4-9 September 2022, Bonn, Germany
EMS Annual Meeting Abstracts
Vol. 19, EMS2022-253, 2022, updated on 28 Jun 2022
https://doi.org/10.5194/ems2022-253
EMS Annual Meeting 2022
© Author(s) 2022. This work is distributed under
the Creative Commons Attribution 4.0 License.

Annual cycle of modes of low-frequency circulation variability

Radan Huth1,2 and Lucie Pokorná1
Radan Huth and Lucie Pokorná
  • 1Institute of Atmospheric Physics, Czech Academy of Sciences, Praha, Czechia (huth@ufa.cas.cz)
  • 2Charles University, Faculty of Science, Dept. of Physical Geography and Geoecology, Praha 2, Czechia

The modes of low-frequency variability of atmospheric circulation (teleconnections) have been studied mostly in winter. Of the four modes dominating over the North Atlantic – European sector (North Atlantic Oscillation (NAO), and East Atlantic (EA) and two Eurasian (EU1, EU2) patterns), only the NAO has been investigated in other seasons. The objective of this study is to describe the development of the North Atlantic – Europen circulation modes throughout the year, that is, to characterize their annual cycle.

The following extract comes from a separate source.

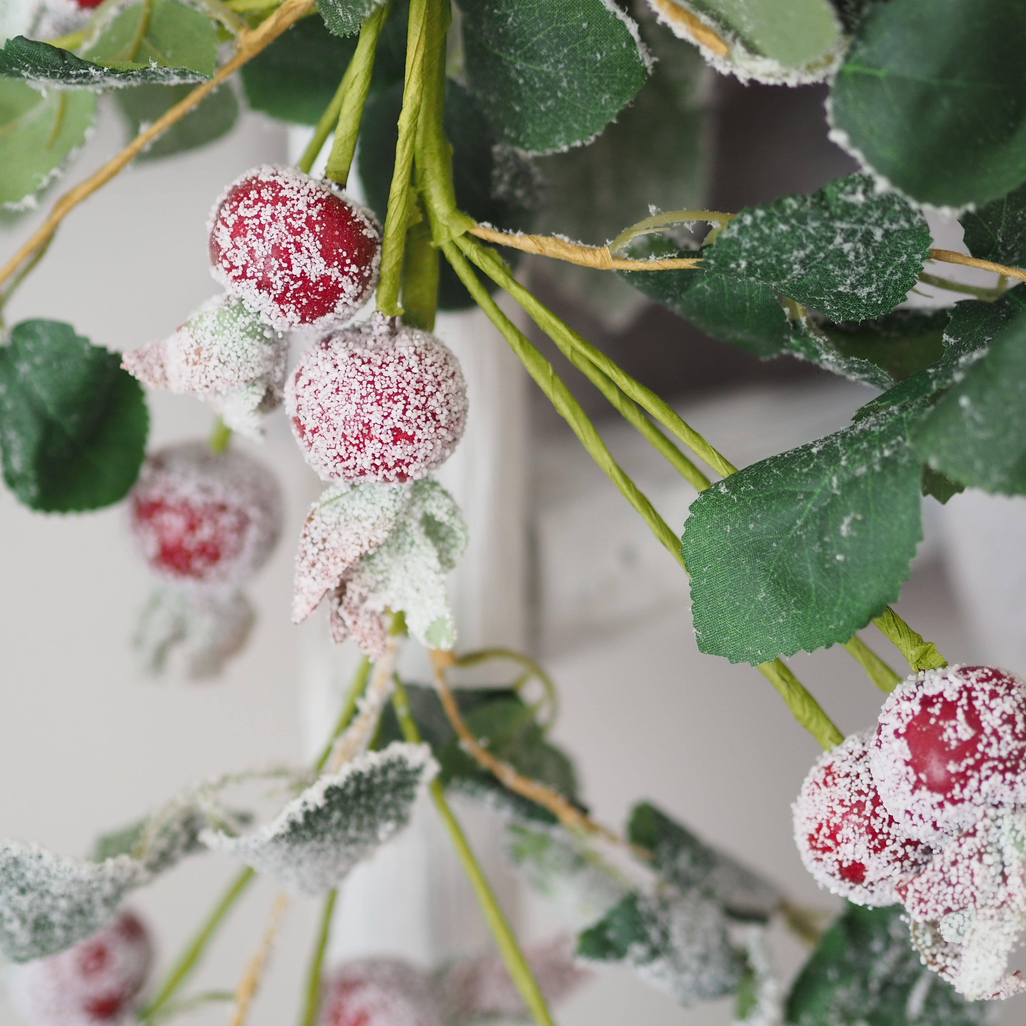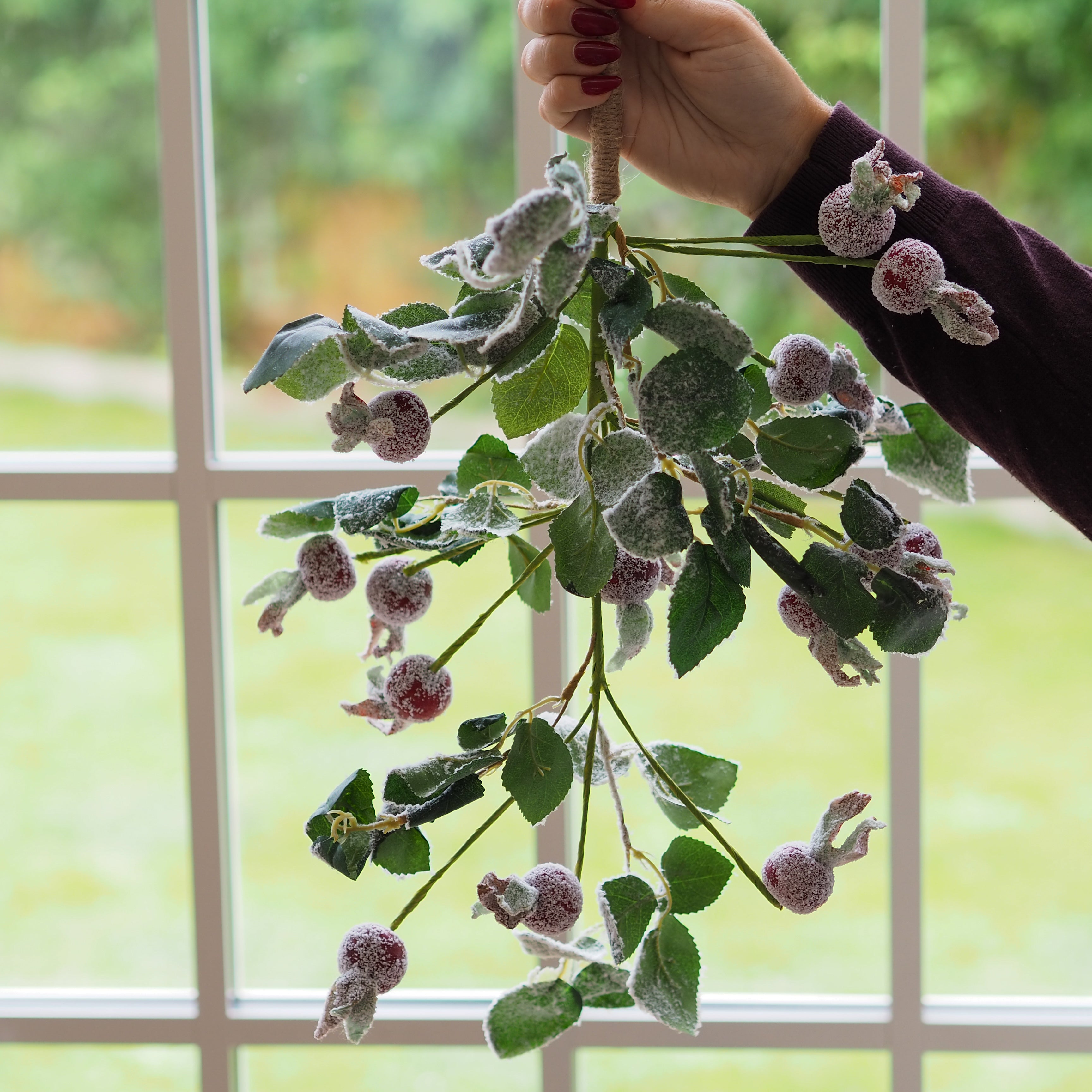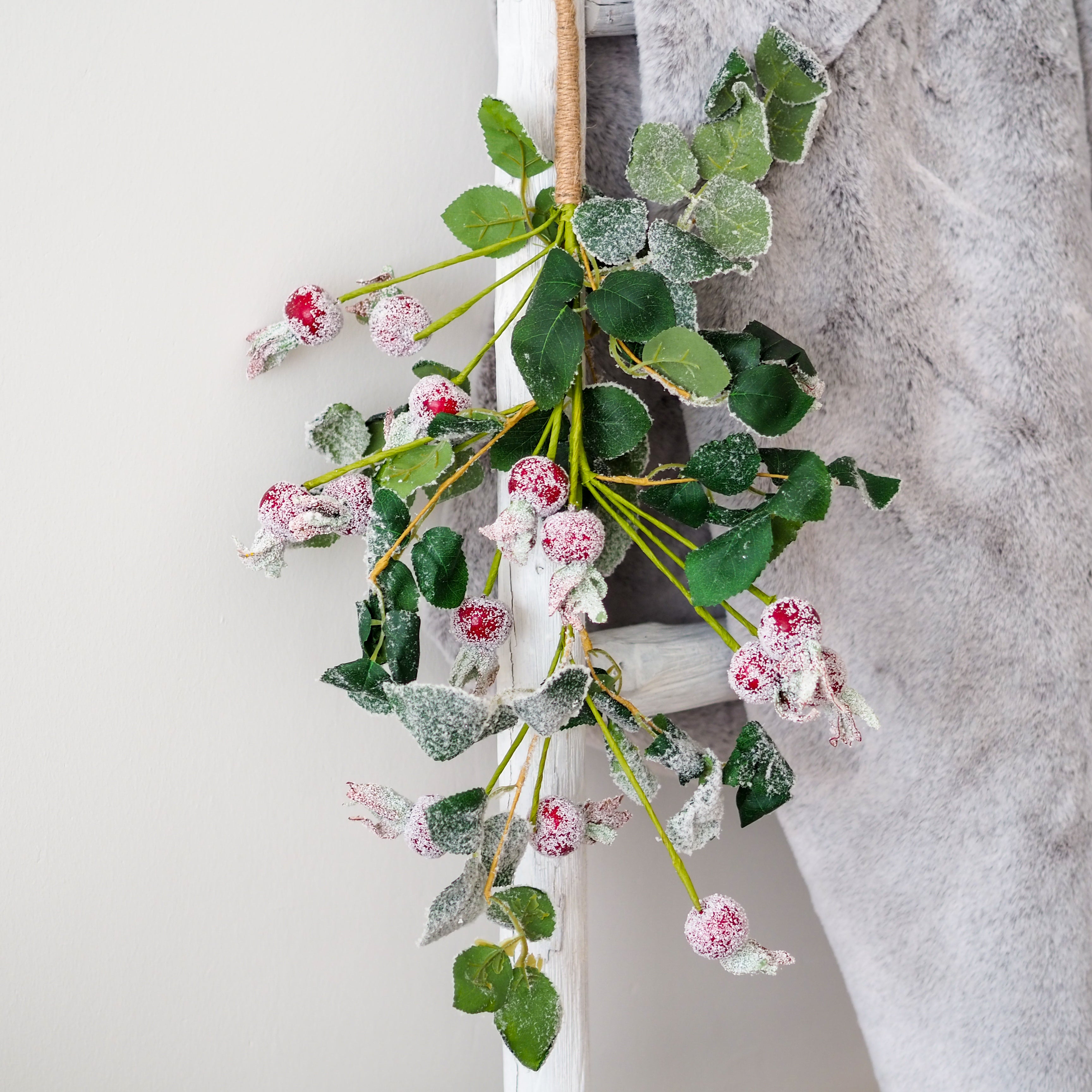 A timeless classic for your seasonal displays. This beautiful Winter berry swag is made with a leafy green backdrop and adorned with frosted effect berries and rosehips. The timeless design captures the essence of Winter's beauty, all hand tied with a twine handle for easy hanging in doorways or around a mantle.

The modes are identified in 500 hPa heights in the Northern Extratropics (north of 20°N inclusive) for period 1948-2016. The data source is the NCEP/NCAR reanalysis. The analysis tool is rotated principal component analysis (using covariance matrix and varimax rotation). The key ingredience of our methodology is that the analysis is based on sliding seasons 90 days long, which are moved with a step of 5 days. That is, the entire year is covered by 73 (=365:5) sliding seasons. The number of rotated components (that is, of detected modes) varies from 9 in winter to 13 in summer.

The four standard modes listed above are detected unambiguously from December to March. They change their position and spatial structure in spring, when also other modes appear. Specifically, the centres of the NAO shift westward in spring and northward in summer. The EA pattern loses its zonal character in the warm half year; its southern centre shifts towards Europe and weakens. The behaviour of the Eurasian modes is more complex. Since they describe a moving wave, being in quadrature one with another, their geographical position is to some extent random and their attribution in successive sliding seasons is hardly possible in spring and autumn. The shape of the modes stabilizes in May and remains fairly stable until October when the circulation returns to the winter character. The results document the changes in circulation action centres and their connectivity and show the obvious asymmetry of annual course of modes. One point correlation maps are employed to support the physical realism of the modes detected by principal component analysis.

How to cite: Huth, R. and Pokorná, L.: Annual cycle of modes of low-frequency circulation variability, EMS Annual Meeting 2022, Bonn, Germany, 5–9 Sep 2022, EMS2022-253, https://doi.org/10.5194/ems2022-253, 2022.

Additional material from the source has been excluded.